PM-301h · Module 2

Regression Testing

4 min read

A regression test is a unit test run that specifically checks whether a change to the prompt broke something that was previously passing. It is the test suite you run every time the prompt is modified, before the change is promoted to production. Without regression testing, prompt improvements are guesses: you believe you made the prompt better, but you cannot verify that the improvement did not break something else.

The regression test suite is the full golden dataset. Every time a prompt version is bumped, the complete suite runs. Any case that was passing in the previous version and is now failing is a regression. A regression does not automatically block promotion — a failing edge case that was previously passing may be an acceptable tradeoff for an improvement in standard cases — but it must be explicitly reviewed and accepted before promotion. "The regression was reviewed and accepted" is a required field in the promotion workflow. "The regression was not noticed" is a production incident waiting to happen.

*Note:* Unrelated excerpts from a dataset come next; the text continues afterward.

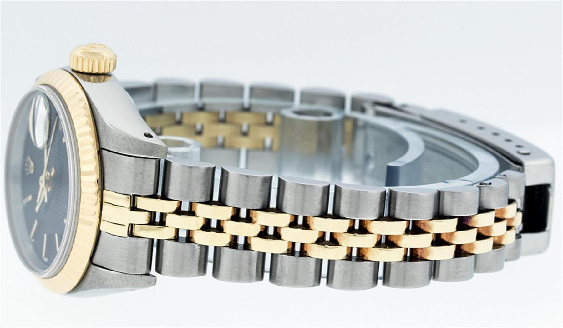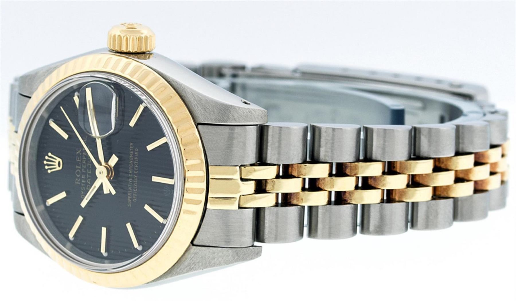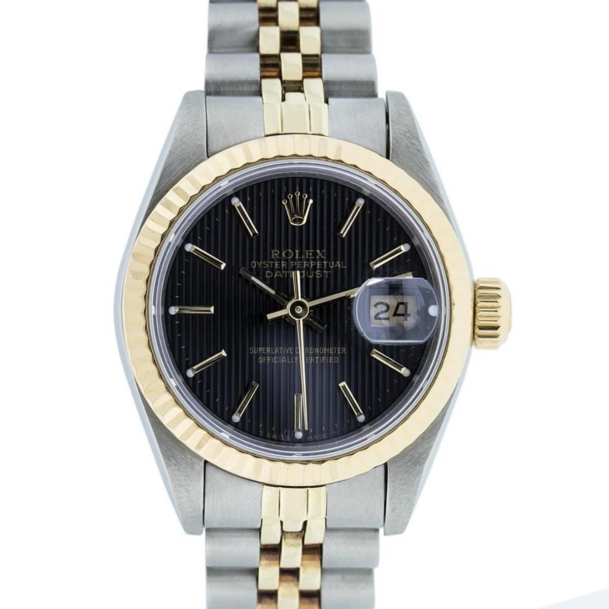 One Ladies Two Tone Rolex Datejust Polished, Serviced & Electronically Tested, Yellow Gold & Stainless Steel Case: 26mm, Yellow Gold Crown, Bezel: Yellow Gold Fluted Bezel. Custom Crystal: New Acrylic Cyclops Lens. Hands: Luminescent Hands. Movement: Automatic Winding Movement. Dial: Black Tapestry With Index Hour Markers. Date Window: 3 O'Clock Position Date Display, Model: Datejust. Condition: G-6 Extra Fine. Bracelet: Two Tone Yellow Gold & Stainless Steel Jubilee Band. Bright Polish. 6.0 Inch Length, Adjustable. Standard Clasp, With Rolex Logo. This Watch Has Been Serviced Time Tested And Is In Excellent Condition It Is Free Of All Scratches And Dents.
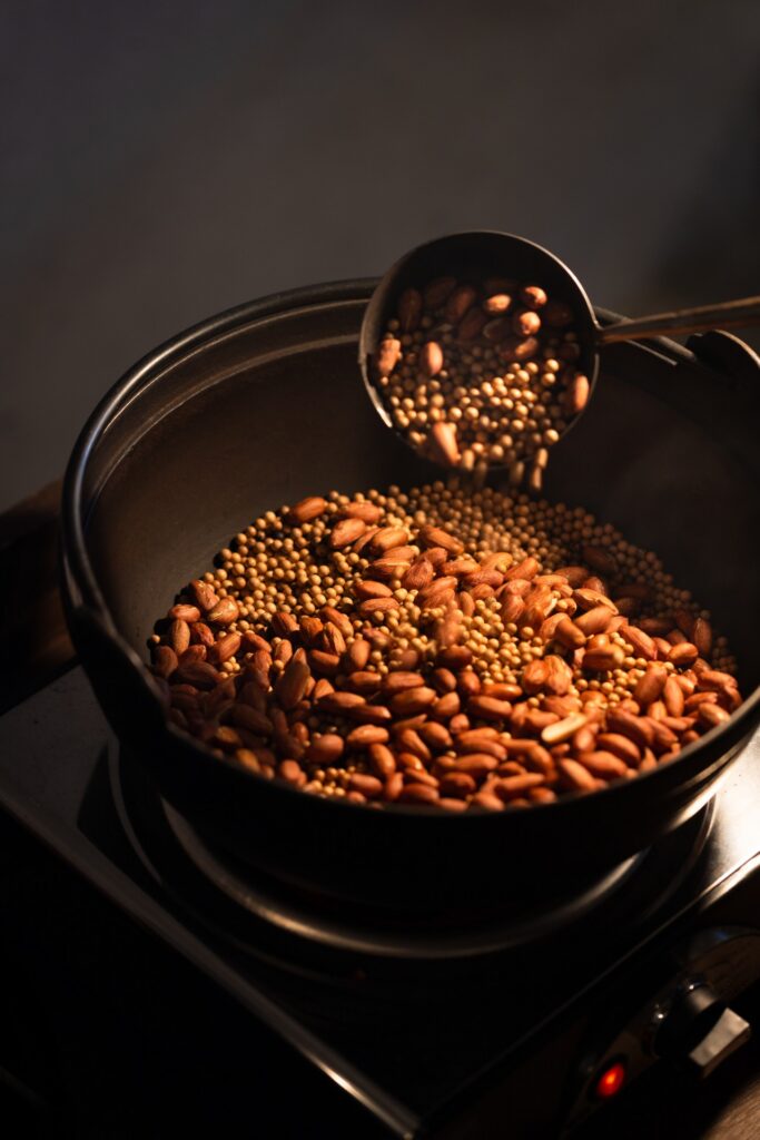 まめ秀では、豆本来の美味しさを極限まで引き出すために、素材選びから製法、そして鮮度のすべてにこだわっています。看板商品「石煎り落花生」はじっくりと火を通すことで、自然な甘みと、カリッとした心地よい歯ごたえを引き出しています。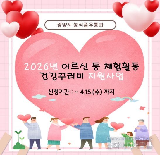 시민행정신문 강갑수 기자 | 광양시가 어르신·장애인·아동 등 실외 활동이 어려운 이용자를 대상으로 ‘체험활동 건강꾸러미 지원사업’을 추진하고, 4월 15일까지 신청을 받는다.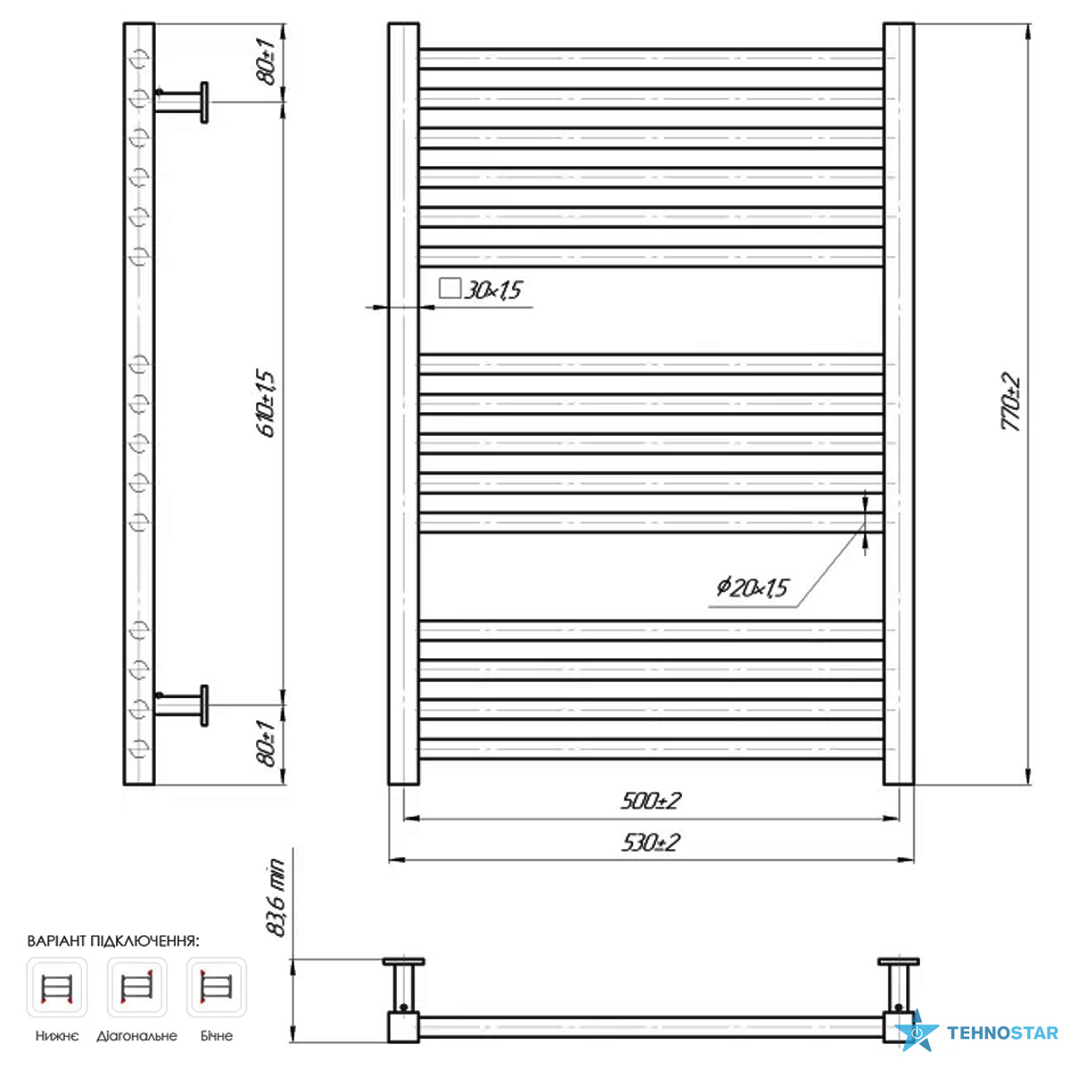 Водяний сушка для рушників Маріо INOX Гера 770х530/500 з міжосьовою відстанню для підключення 500 мм виготовлена з нержавіючої сталі АІSI 304. Одна з найпопулярніших моделей виробничого підприємства Mario. Сушка для рушників виконана в класичному строгому стилі з урахуванням сучасних дизайнерських трендів. Виріб розбитий на кілька секцій, що дозволяє зручніше сушити рушники. Стильний і функціональний сушка для рушників обігріє і створить затишну атмосферу у вашій ванній кімнаті.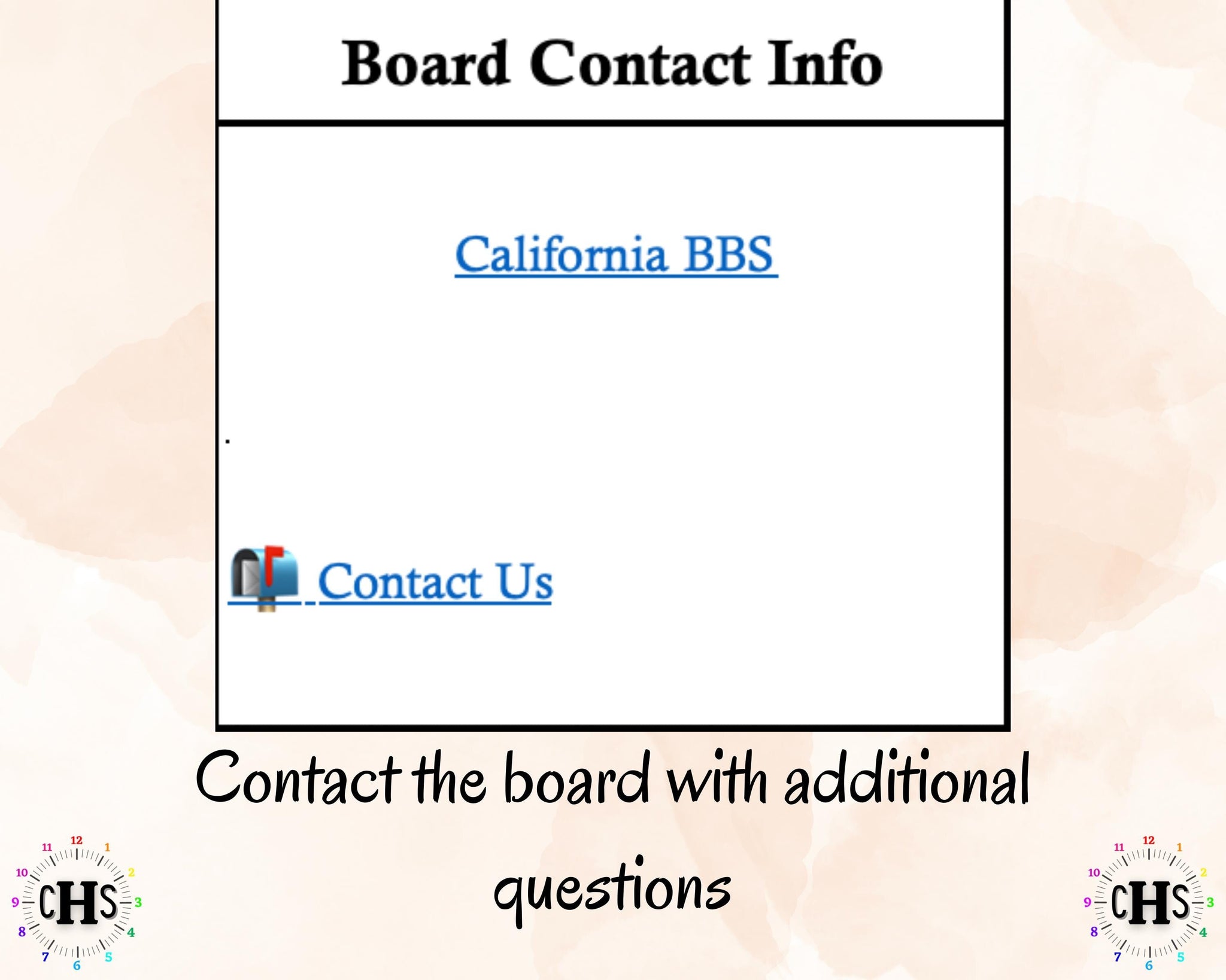 ✓ Board contact info with hyperlinks that allow you to quickly jump to the board’s website, email/message/chat, or call the board with additional questions!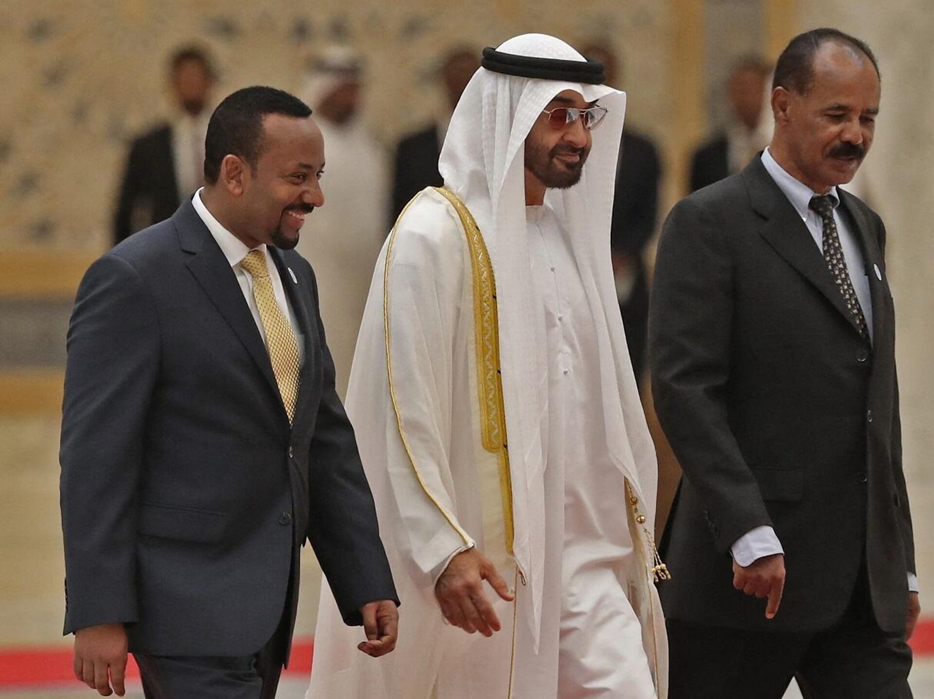© AFP 2023 / KARIM SAHIBولي عهد أبو ظبي، الشيخ محمد بن زايد، يستقبل رئيس الوزراء الإثيوبي، آبي أحمد، والرئيس الإريتري، أسياس أفورقي، في القصر الرئاسي بالعاصمة الإماراتية أبوظبي، 24 يوليو/ تموز 2018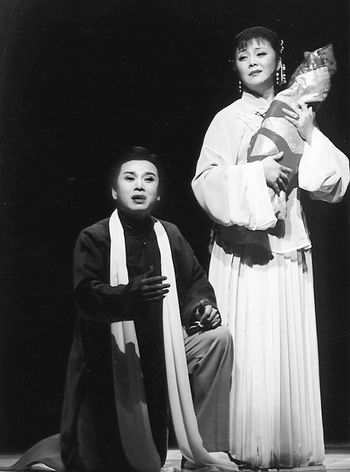 ▲图为越剧《蝶海情僧》吴兆芬的作品充分展现越剧的抒情性与诗意,注重戏味和戏理,富有人情味儿,戏韵悠长。王文娟赞其:“还是她写的唱词有越剧味儿,好唱好记又有文学性。”她还曾任剧院创作室主任、红楼剧团副团长。1990年,由她整理的《范瑞娟表演艺术》一书由上海文艺出版社出版,成为重要的范派艺术理论研究著作。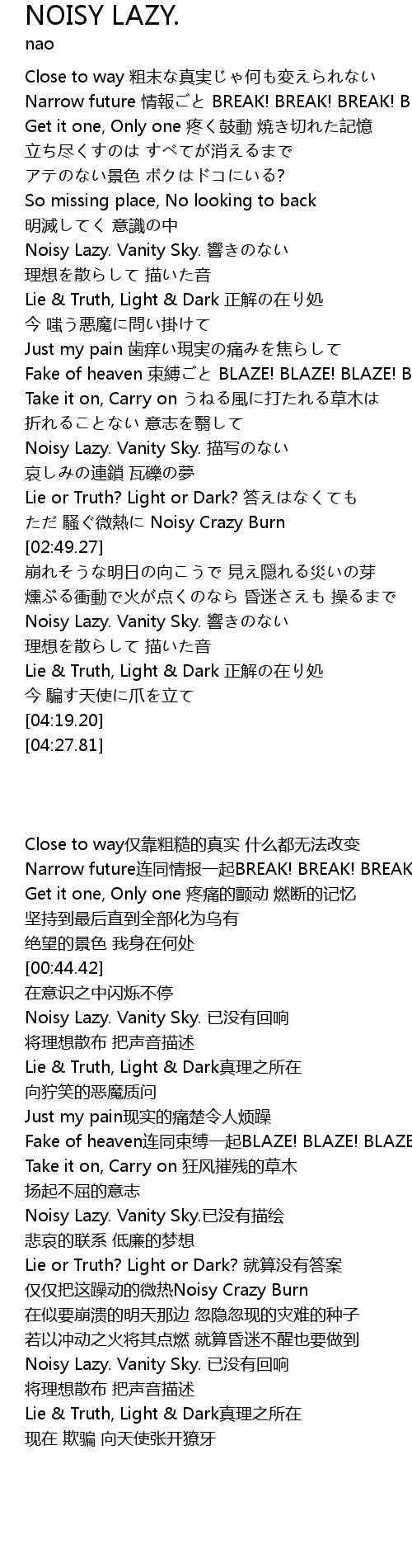 | [01:53.12] | Noisy Lazy. Vanity Sky. miáo xiě |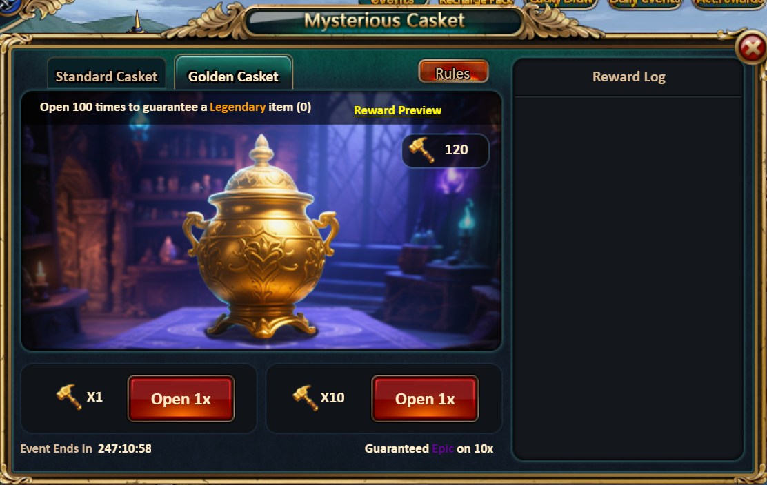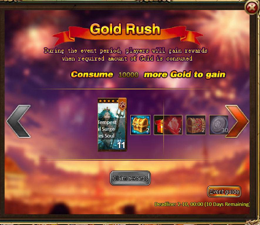 Consume 50,000 gold coins: Black Opal*1, Solar Chest (Legendary)*4, Pet Pleasure*5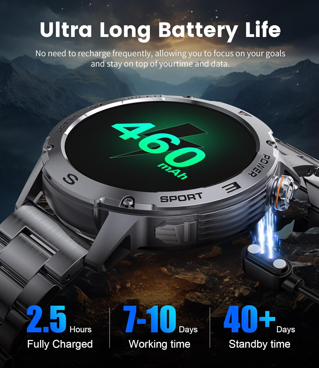 【IP68 Waterproof & 460mAh Low-power Battery】:This montre intelligente homme features a high-capacity 460mAh battery that reduces charging frequency and enhances the user experience. With an IP68 waterproof rating, it can handle everyday water exposure. (However, it is not recommended to wear the watch while showering or swimming for extended periods, as this may affect its durability.)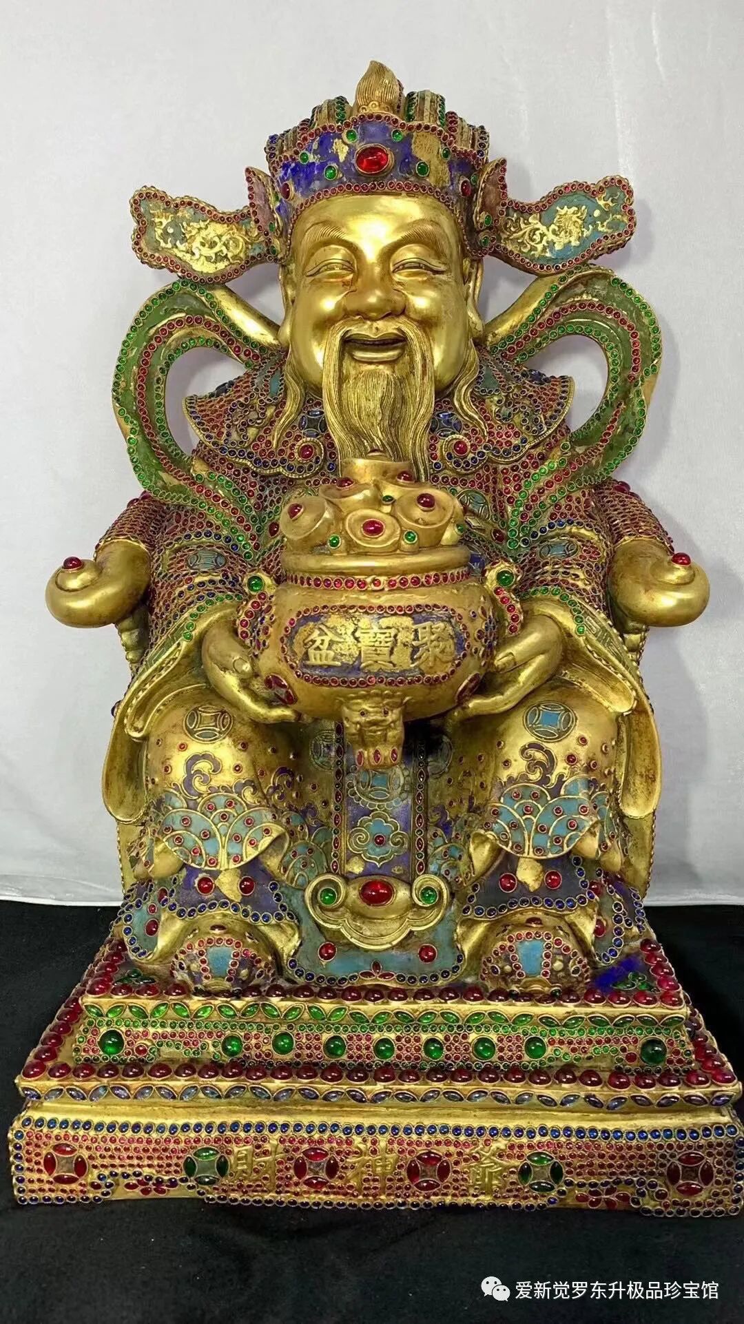 艺术品市场长期以来一直存在着一些问题,其中最突出的问题之一是艺术品的合法性和流动性。在过去,艺术品被视为不动产,很难在市场上流通和交易。这导致了艺术品的价值被低估,同时也限制了艺术品市场的规模和发展。鎏金镶嵌宝石【财神】高60cm 宽35cm

# Example: prompt testing in CI/CD
name: Prompt Regression Test

on:
  push:
    paths:
      - 'prompts/**'
      - 'prompt-metadata/**'

jobs:
  regression:
    runs-on: ubuntu-latest
    steps:
      - uses: actions/checkout@v4

      - name: Identify changed prompts
        id: changed
        run: |
          git diff --name-only HEAD~1 HEAD -- prompts/ > changed_prompts.txt
          cat changed_prompts.txt

      - name: Run regression tests for changed prompts
        run: |
          python scripts/run_regression.py             --changed-prompts changed_prompts.txt             --dataset-dir datasets/             --baseline-results results/baseline/             --output results/current/             --fail-on-regression true             --regression-review-required true

      - name: Compare against baseline
        run: |
          python scripts/compare_results.py             --baseline results/baseline/             --current results/current/             --output regression-report.json

      - name: Post regression report
        if: always()
        uses: actions/github-script@v7
        with:
          script: |
            const report = require('./regression-report.json');
            const body = formatRegressionReport(report);
            github.rest.issues.createComment({
              issue_number: context.issue.number,
              owner: context.repo.owner,
              repo: context.repo.repo,
              body: body
            });